Se nos muere la Radio?

Este no es un post sobre consejos para arreglar la Tonomac que se le cayó al abuelo cuando iba al baño. Es más que nada una pregunta. No, es más que nada una preocupación.

El martes a la mañana salgo de dar clase, pongo Black & Toc (Radio Con Vos, 89.9) y la agarro a Elizabeth Vernaci explicando que le recortaron el presupuesto, que le dijeron que iban a despedir a su co-equiper, y que ella decidió irse con él. ¿Por qué? “Porque esto es pan para hoy y hambre para mañana, si accedo a que caiga Humberto (Tortonese) mañana es otro del equipo. Y así.”

La desvinculación de Vernaci cae arriba de la pila que forman la eliminación de la programación de Blue FM, los despidos de Del Plata, los recortes en Radio Nacional y tantos otros. Se dice que esto responde a una voluntad por acallar voces opositoras, y puede ser. No obstante, me tiene preocupada otra cosa más amplia, y que tiene que ver más con el soporte que con la coyuntura.

Hace un par de años lo escuché a Mario Pergolini hablando de tráfico, audiencias y otras cuestiones que investiga en su consultora. En ese momento dijo que “ya no hay nadie de menos de 35 años escuchando la radio”, y que el negocio está en otro lado. La verdad que, en ese momento, no le di mucha bola al asunto.

Se murió el papel, los portales de noticias agonizan porque no encuentran un modelo de negocios sustentable…todo eso lo sabía y lo acepté. La tele para mí está muerta desde el 2004, último año en que hubo un aparato en mi casa. ¿Pero la radio? Eso sí que me preocupa, porque me interpela desde muchos lugares: como oyente, como sujeto de derechos (a la información), como estudiante de Ciencias de la Comunicación.

La radio siempre me pareció el soporte más eficiente para informarse: podés escucharla en la calle mientras caminás, en el trabajo, en tu casa mientras hacés otras cosas; es lo más compatible con Internet y las redes sociales que tenemos; entra muchísimo más contenido que en la tele, y por eso es tanto más ágil.

Volviendo a Pergolini, el otro día me puse a preguntar en Instagram quiénes escuchaban radio y qué edades tenían. Habrán respondido unas 50 personas, ponele, y de los/las sub-35 un 60% no escuchaba radio. Yo tengo 36, y me informo por este medio desde los 25 aproximadamente (antes la usaba solamente para escuchar música). A veces es difícil imaginarse las cosas de una manera distinta a la que personalmente practicamos, pero parece que en esta dirección se están moviendo las cosas: ahora el contenido emerge de las redes sociales y la radio lo levanta, no a la inversa.
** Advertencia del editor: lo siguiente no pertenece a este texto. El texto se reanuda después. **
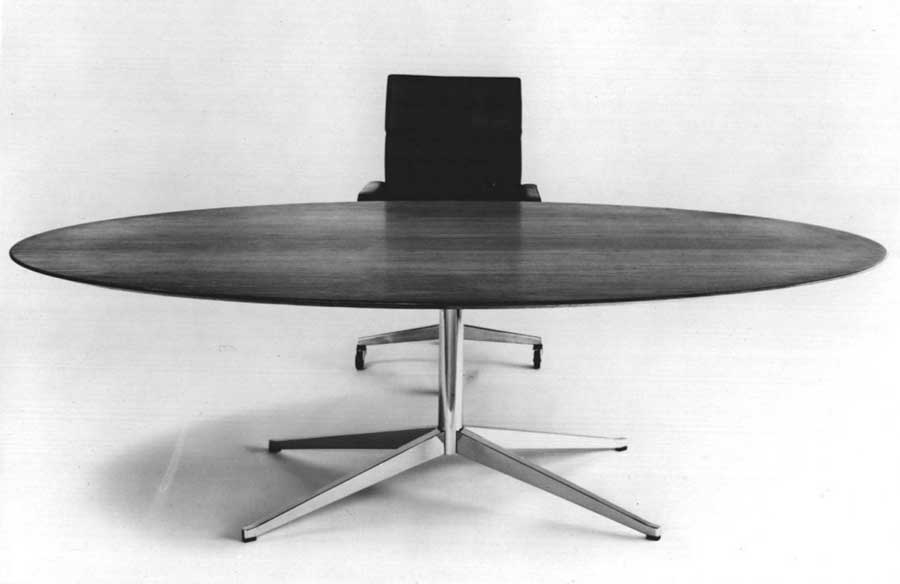 La mayoría de sus primeros diseños son escritorios y credenzas que se utilizan para rellenar espacios en los interiores de la Unidad de Planificación. Uno de sus diseños más conocidos fue una nueva versión de la mesa de conferencias. Reconociendo la necesidad de mejores líneas de visión, utilizó una forma ovalada en lugar de un rectángulo tradicional, Esta mesa ofrece un amplio espacio para reuniones. También demuestra la creencia de Knoll de que los materiales proporcionan suficiente ornamentación. La base de cromo agrega un elemento sorprendentemente moderno que complementa maravillosamente el palo de rosa. No se necesita nada más.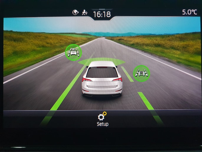 In de ŠKODA Scala heeft uw veiligheid en die van uw omgeving prioriteit. Het Lane-keeping systeem zorgt voor een automatisch constante positie binnen de rijstrook. Afdwalen is uitgesloten. Voor meer veiligheid detecteert deze auto het risico van een aanrijding tijdig via de forward collision warning. U bent mede dankzij autonoom remsysteem en bandenspanningcontrolesysteem steeds veilig onderweg.

Volviendo a lo que nos ocupa, y me preocupa: la radio no tiene por qué quedar obsoleta. Por sus características, sigue siendo algo muy compatible con los tiempos que corren. El tema es que las emisoras como empresas ya no quieren pueden sostener dignamente el negocio, y hacen estas limpiezas tan tremendas como la que resultó en el levantamiento de toda la programación de Blue FM o el despido de Vernaci. Se dice que no hay dinero porque no hay audiencia, sobre lo cual me permito dudar: Gente Sexy, hasta el momento mismo del cese de emisiones, era un programa con la legión de seguidores más fiel (y joven) de la radio actual. Y lo levantaron igual.

Entonces: donde había una emisora con un dueño, ahora hay una empresa que ante cualquier contrariedad se las toma y queda debiendo todos los sueldos. Donde había programas, ahora hay podcasters que se las tienen que arreglar para conseguirse los auspiciantes porque ya no los protege una relación de dependencia. Las voces disidentes que desaparecieron del aire tienen hoy los medios que antes no había para expresarse, eso es verdad: pueden tener su canal de YouTube, o abrir su portal, y esto es una ventaja. Pero estos comunicadores profesionales ahora tienen que encontrar una forma de sostenerse, de no hacer gratis la tarea que antes se les pagaba por hacer.

Perder los espacios radiales es perder mucho. No sólo pierden los que pierden sus fuentes de trabajo, sino que perdemos los sujetos de la información (a saber, todos nosotros). Si solamente va a quedar YouTube en una especie de todos contra todos, compitiendo por una monetización de miseria, estaremos al horno todos: los comunicadores…y los incomunicados.